Here is a function that can be used to generate observed data (if
abar = NULL
) or generate counterfactual truth (if
abar
is a list with a1 and theta):
GenerateData <- function(n, abar = NULL) {
W <- rnorm(n)
if (is.null(abar)) {
A1 <- rexpit(W)
} else {
A1 <- abar$a1
}
L <- plogis(rnorm(n) + 0.3 * W + 0.5 * A1)
if (is.null(abar)) {
A2 <- rexpit(-0.5 * W + A1 - 0.6 * L)
} else {
A2 <- as.integer(L > abar$theta)
}
Y <- rexpit(-2 + W + A1 + L + 2 * A2)
if (is.null(abar)) {
return(data.frame(W, A1, L, A2, Y))
} else {
return(mean(Y))
}
}
Set up regimes
and summary.measures
:
set.seed(11)
n <- 10000
data <- GenerateData(n)
regimes <- array(dim = c(n, 2, 10)) #n x num.Anodes x num.regimes
theta.set <- seq(0, 1, length.out = 5)
summary.measures <- array(theta.set, dim = c(10, 2, 1))
colnames(summary.measures) <- c("a1", "theta")
cnt <- 0
for (a1 in 0:1) {
for (theta.index in 1:5) {
cnt <- cnt + 1
regimes[, 1, cnt] <- a1
regimes[, 2, cnt] <- data$L > theta.set[theta.index]

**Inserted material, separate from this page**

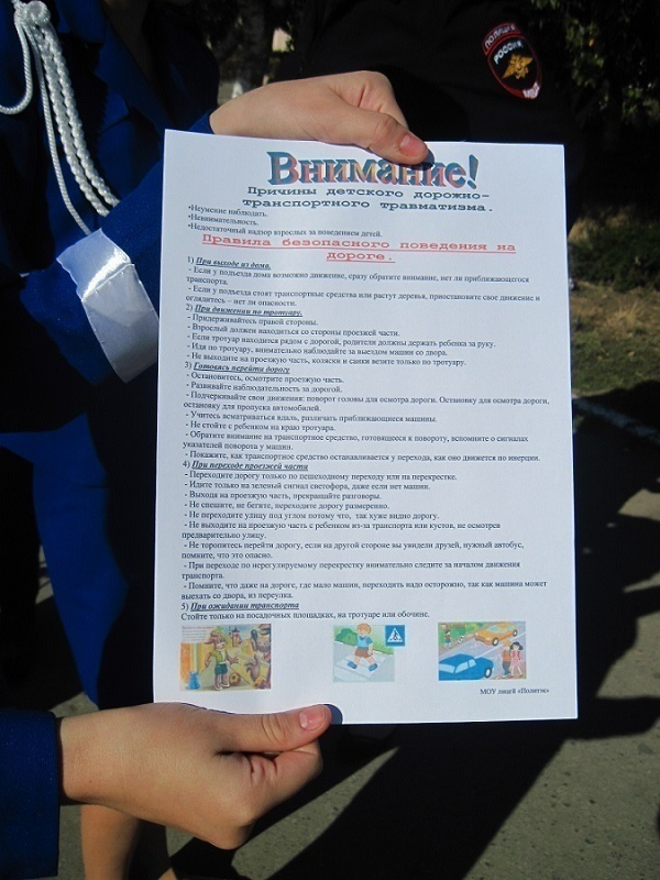 Помочь ГИБДД в этом деле вызвались ученицы 8 класса лицея «Политэк». Юные инспекторы дорожного движения, которые впервые участвовали в подобной акции, вышли на один из перекрестков в районе лицея и вручали прохожим листовки и памятки с предупреждением о необходимости соблюдать правила дорожного движения при переходе через дорогу.

summary.measures[cnt, , 1] <- c(a1, theta.set[theta.index])
}
}
summary.measures
#> , , 1
#>
#> a1 theta
#> [1,] 0 0.00
#> [2,] 0 0.25
#> [3,] 0 0.50
#> [4,] 0 0.75
#> [5,] 0 1.00
#> [6,] 1 0.00
#> [7,] 1 0.25
#> [8,] 1 0.50
#> [9,] 1 0.75
#> [10,] 1 1.00
head(data, 3)
#> W A1 L A2 Y
#> 1 -0.59103110 1 0.77137613 1 1
#> 2 0.02659437 0 0.47561600 1 0
#> 3 -1.51655310 0 0.08392365 1 0
regimes[1:3, , ]
#> , , 1
#>
#> [,1] [,2]
#> [1,] 0 1
#> [2,] 0 1
#> [3,] 0 1
#>
#> , , 2
#>
#> [,1] [,2]
#> [1,] 0 1
#> [2,] 0 1
#> [3,] 0 0
#>
#> , , 3
#>
#> [,1] [,2]
#> [1,] 0 1
#> [2,] 0 0
#> [3,] 0 0
#>
#> , , 4
#>
#> [,1] [,2]
#> [1,] 0 1
#> [2,] 0 0
#> [3,] 0 0
#>
#> , , 5
#>
#> [,1] [,2]
#> [1,] 0 0
#> [2,] 0 0
#> [3,] 0 0
#>
#> , , 6
#>
#> [,1] [,2]
#> [1,] 1 1
#> [2,] 1 1
#> [3,] 1 1
#>
#> , , 7
#>
#> [,1] [,2]
#> [1,] 1 1
#> [2,] 1 1
#> [3,] 1 0
#>
#> , , 8
#>
#> [,1] [,2]
#> [1,] 1 1
#> [2,] 1 0
#> [3,] 1 0
#>
#> , , 9
#>
#> [,1] [,2]
#> [1,] 1 1
#> [2,] 1 0
#> [3,] 1 0
#>
#> , , 10
#>
#> [,1] [,2]
#> [1,] 1 0
#> [2,] 1 0
#> [3,] 1 0
working.msm <- "Y ~ a1*theta"
summary(ltmleMSM(data, Anodes = c("A1", "A2"), Lnodes = "L", Ynodes = "Y",
regimes = regimes, summary.measures = summary.measures,
working.msm = working.msm))
#> Qform not specified, using defaults:
#> formula for L:
#> Q.kplus1 ~ W + A1
#> formula for Y:
#> Q.kplus1 ~ W + A1 + L + A2
#>
#> gform not specified, using defaults:
#> formula for A1:
#> A1 ~ W
#> formula for A2:
#> A2 ~ W + A1 + L
#>
#> Estimate of time to completion: 2 to 4 minutes
#> Estimator: tmle
#> Estimate Std. Error CI 2.5% CI 97.5% p-value
#> (Intercept) 0.531670 0.050294 0.433095 0.630 <2e-16 ***
#> a1 1.039499 0.074409 0.893660 1.185 <2e-16 ***
#> theta -1.817514 0.071766 -1.958172 -1.677 <2e-16 ***
#> a1:theta -0.006772 0.110068 -0.222502 0.209 0.951
#> ---
#> Signif. codes: 0 '***' 0.001 '**' 0.01 '*' 0.05 '.' 0.1 ' ' 1
Let’s compare to the true coefficients of the MSM. First we find the true value of \(E[Y_{a1, theta}]\) for 5 values of theta.
truth <- rep(NA_real_, 10)
cnt <- 0
for (a1 in 0:1) {
for (theta.index in 1:5) {
cnt <- cnt + 1
truth[cnt] <- GenerateData(n = 1e6,
abar = list(a1 = a1, theta = theta.set[theta.index]))
}
}
Fit a working MSM to the true values of \(E[Y_{a1, theta}]\).
m.true <- glm(working.msm,
data = data.frame(Y = truth, summary.measures[, , 1]),
family = "quasibinomial")
m.true
#>
#> Call: glm(formula = working.msm, family = "quasibinomial", data = data.frame(Y = truth,
#> summary.measures[, , 1]))
#>
#> Coefficients:
#> (Intercept) a1 theta a1:theta
#> 0.51141 0.96385 -1.75721 -0.03266
#>
#> Degrees of Freedom: 9 Total (i.e. Null); 6 Residual
#> Null Deviance: 1.342
#> Residual Deviance: 0.02332 AIC: NA
The estimated MSM coefficients are close to the true MSM coefficients.